Go through the data below and copy it exactly, skipping every picture.

**Provided data:**

★ ★ ★ ★

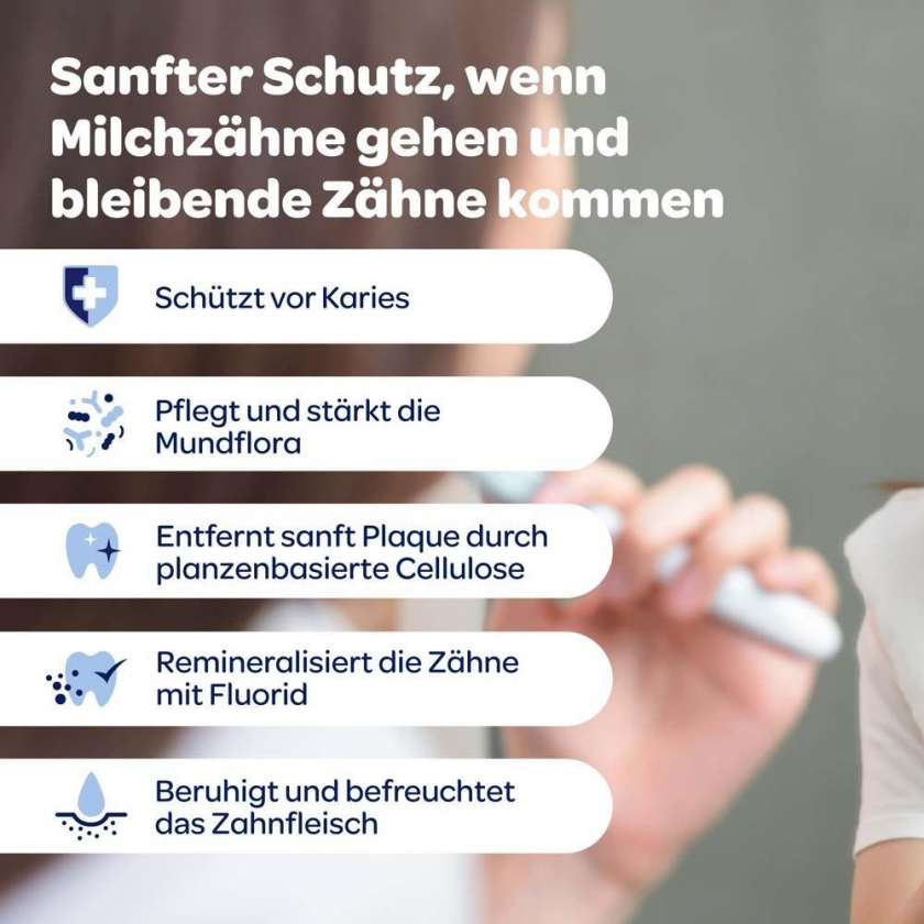 Детская зубная паста Dentinox Zahncreme Mundflora+ Junior специально разработана для детей 6-12 лет в период смены зубов. Содержит фторид натрия (1450 ppm) для защиты от кариеса, пантенол и гиалуронат для успокоения десен, микробиом-комплекс для поддержания баланса микрофлоры полости рта. Без консервантов, красителей, сахара, лактозы и глюгена. 98% ингредиентов натурального происхождения, веганская.
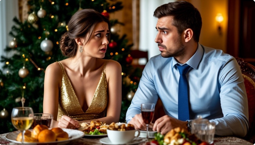 Комната замерла. Бокалы застыли в руках гостей на полпути ко рту. Новогодние гирлянды продолжали моргать, бросая разноцветные пятна на лица присутствующих.
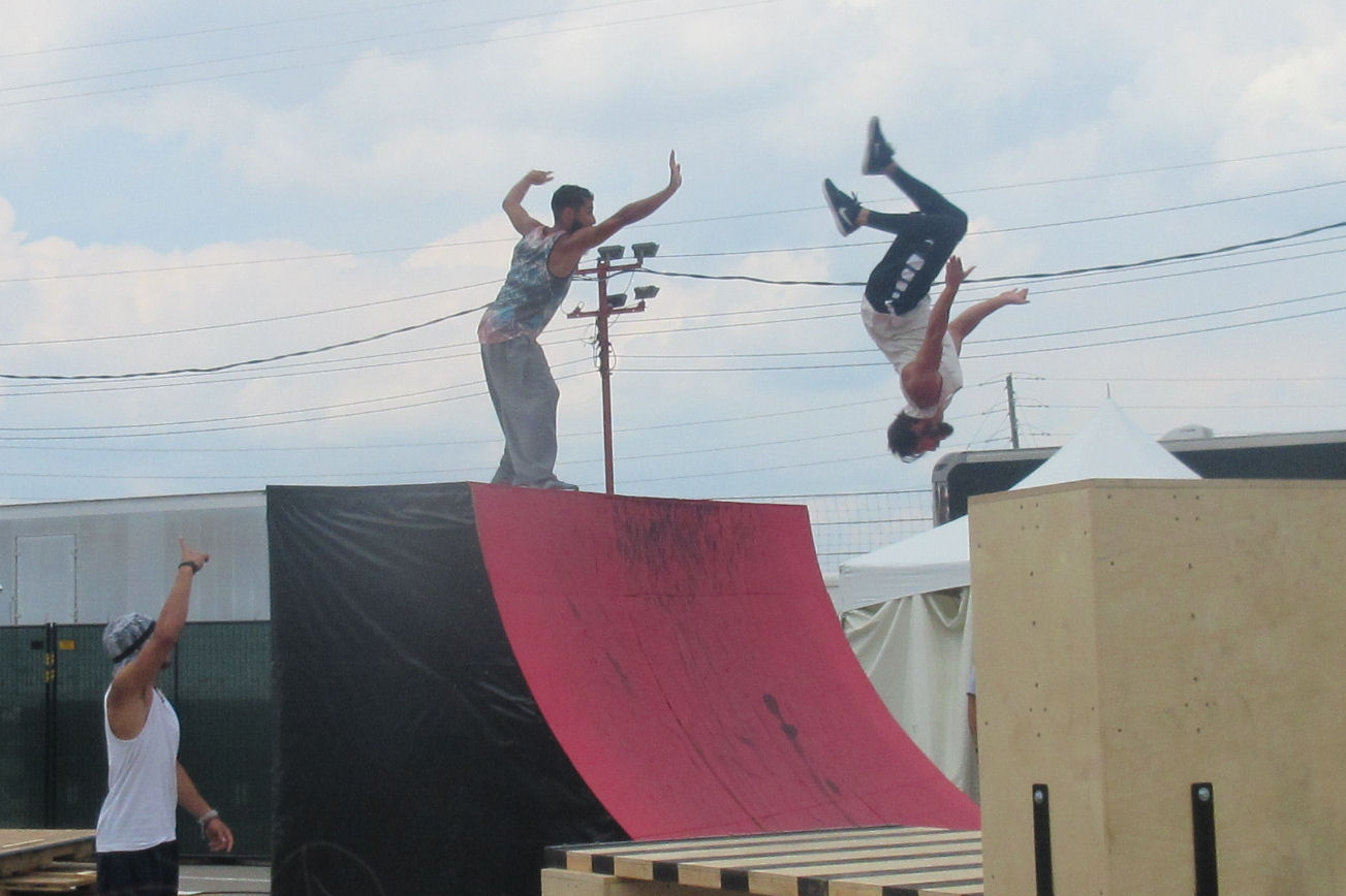 One event we attended this year was called simply The Parkour Show, a fun display of acrobatics. Four guys leaped, bounced, tumbled, did standing somersaults, and wowed a crowd that hopefully knows better not to try this at home.

★ ★ ★ ★

**Exercise output:**
 Детская зубная паста Dentinox Zahncreme Mundflora+ Junior специально разработана для детей 6-12 лет в период смены зубов. Содержит фторид натрия (1450 ppm) для защиты от кариеса, пантенол и гиалуронат для успокоения десен, микробиом-комплекс для поддержания баланса микрофлоры полости рта. Без консервантов, красителей, сахара, лактозы и глюгена. 98% ингредиентов натурального происхождения, веганская.
 Комната замерла. Бокалы застыли в руках гостей на полпути ко рту. Новогодние гирлянды продолжали моргать, бросая разноцветные пятна на лица присутствующих.
 One event we attended this year was called simply The Parkour Show, a fun display of acrobatics. Four guys leaped, bounced, tumbled, did standing somersaults, and wowed a crowd that hopefully knows better not to try this at home.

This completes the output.